In effect, SB 833 requires insurers that use ESG-related factors in their underwriting process to be able to link such factors to an ordinary insurance purpose, such as the rate of claims by similarly situated policyholders or an actuarial forecast of losses for similarly situated policyholders. To the extent an insurer can demonstrate the former, it should be positioned to mitigate any potential impact of SB 833 on its operations. However, regardless of whether laws such as SB 833 actually require insurance companies to change their current underwriting practices, as a consequence of the existence of such laws and pressure from the anti-ESG movement more broadly, we may see insurance companies change or re-evaluate their utilization of ESG-related factors in their underwriting approach, particularly as it relates to certain industries such as the fossil fuel industry.

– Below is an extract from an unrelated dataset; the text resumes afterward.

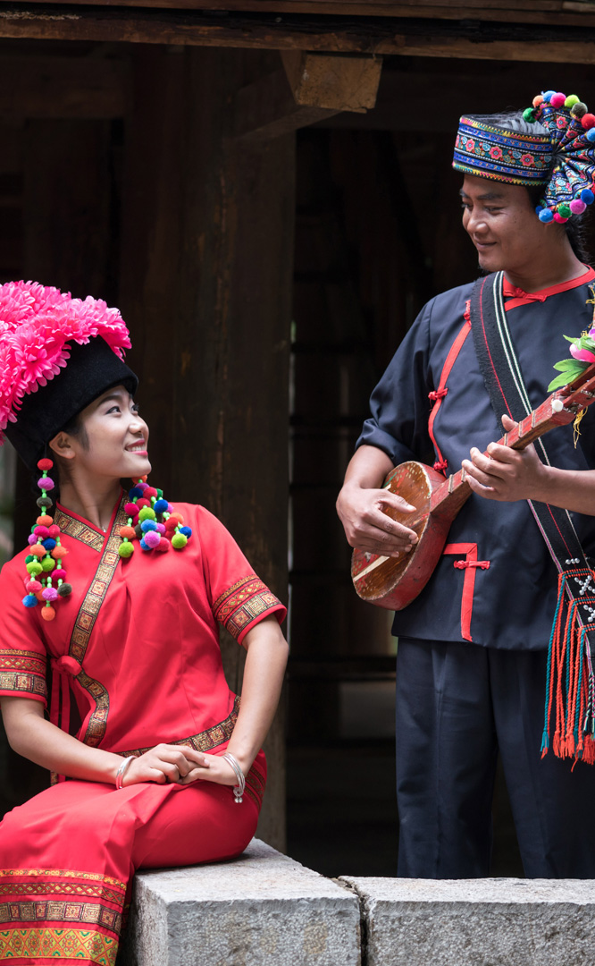 云南壯族主要聚居在文山州,人口114萬(wàn),民間的村寨大多依山傍水。壯族擅長(zhǎng)種植水稻,有太陽(yáng)崇拜和長(zhǎng)老崇拜的風(fēng)俗,視銅鼓為重器,厚愛銀飾,善烹制五色花米飯,能歌善舞,熱情好客。進(jìn)入景區(qū)壯族村,迎面有祭祀龍王的龍柱,兩邊是先民繪制的天王崖畫和為紀(jì)念傳說(shuō)洪水泛濫時(shí)幫助先民度過(guò)劫難而建的石葫蘆亭。祭祀玉皇大帝的昊天閣和傳說(shuō)能驅(qū)邪納福的碩大銅鼓聳立在廣場(chǎng)兩側(cè)。桿欄式和麻欄式民居、壯族青年社交休憩的“情廊”、村...

Proactive Steps Insurers Can Take to Mitigate the Impact of SB 833
Consequently, while in-house legal departments at insurance companies are well versed in state insurance laws and regulations, new legislation such as SB 833 will necessitate greater oversight by legal and compliance departments. While the extent to which regulators such as the TDI will leverage newly passed laws like SB 833 to bring enforcement actions remains to be seen, insurers should nonetheless be on notice and carefully scrutinize any underwriting guidelines or policy exclusions for certain industries in which they refuse to provide insurance to or adjust policyholders’ premiums for having or not having ESG-related programs.

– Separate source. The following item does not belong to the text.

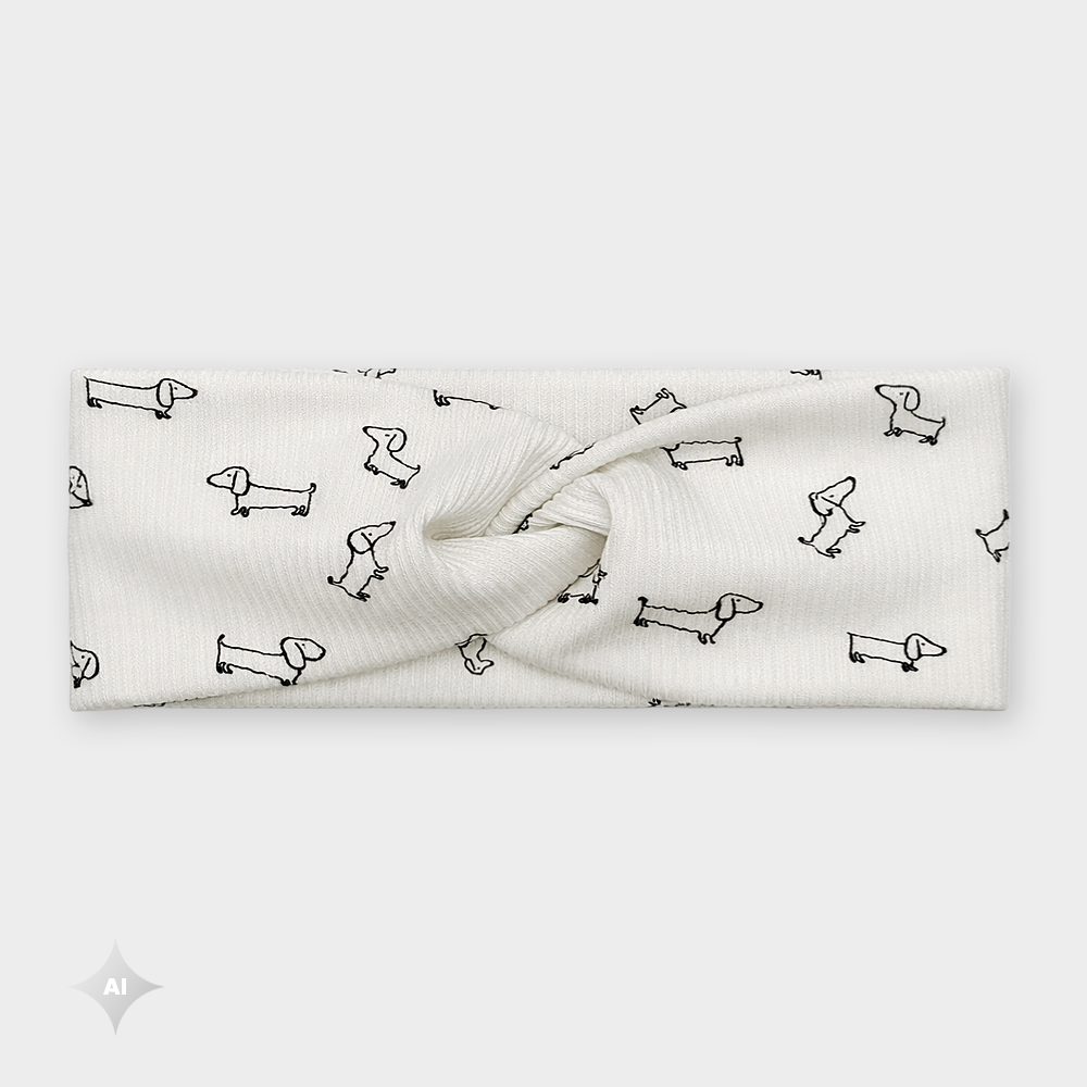 Látková čelenka Jezevčíčci žbr má obvod 55-57 cm a šířku 8 cm. Materiálové složení této čelenky je 95% bavlna, 5% elastan.

As a first step, in-house legal and compliance departments should ensure that all of their underwriting team’s premium- and coverage-related decisions are substantiated using sound actuarial principles or are reasonably related to expected loss experience as the basis of their coverage or premium decision making. While it may be tempting to consider the external pressures, such as the reactions by stakeholders in underwriting a particular company in a particularly disfavored industry, insurers can protect themselves against liability by connecting any premium decision impacted by an ESG-related factor with an established evidentiary-based risk mitigation strategy.
For example, in the context of evaluating a policyholder’s climate governance practices for purposes of making a coverage or premium decision, in-house legal and compliance departments should work with their underwriting team to appropriately document the established correlation between strong climate governance profiles and reduced claims. Establishing a link between the relevant ESG-related consideration and financial loss via the increased likelihood of a potential claim is critical to rebutting any accusation that the insurance company is considering ESG-related factors above actuarial considerations or expected loss experience.

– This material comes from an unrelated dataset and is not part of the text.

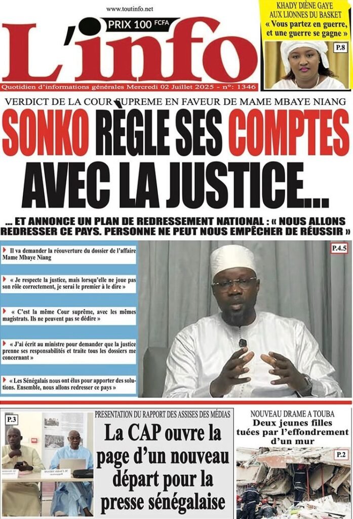 Accueil » Découvrez les Unes des journaux sénégalais du mercredi 02 juillet 2025

Legal and compliance departments play a critical role in analyzing enterprise risk management requirements and ensuring compliance with applicable laws. Accordingly, monitoring and ensuring that an insurer’s underwriting process is compliant with emerging state regulatory requirements should be a focus for in-house counsel and other legal professionals. Insurance companies that empower legal departments to play an active role in monitoring and then instituting compliance procedures will be in the best position to mitigate the risk of divergent state laws going forward.
Heather Palmer is a partner in the Houston office of Sidley Austin LLP. Andrew Holland is a partner in the New York office and Evan Grosch is an associate in the Houston office of the firm.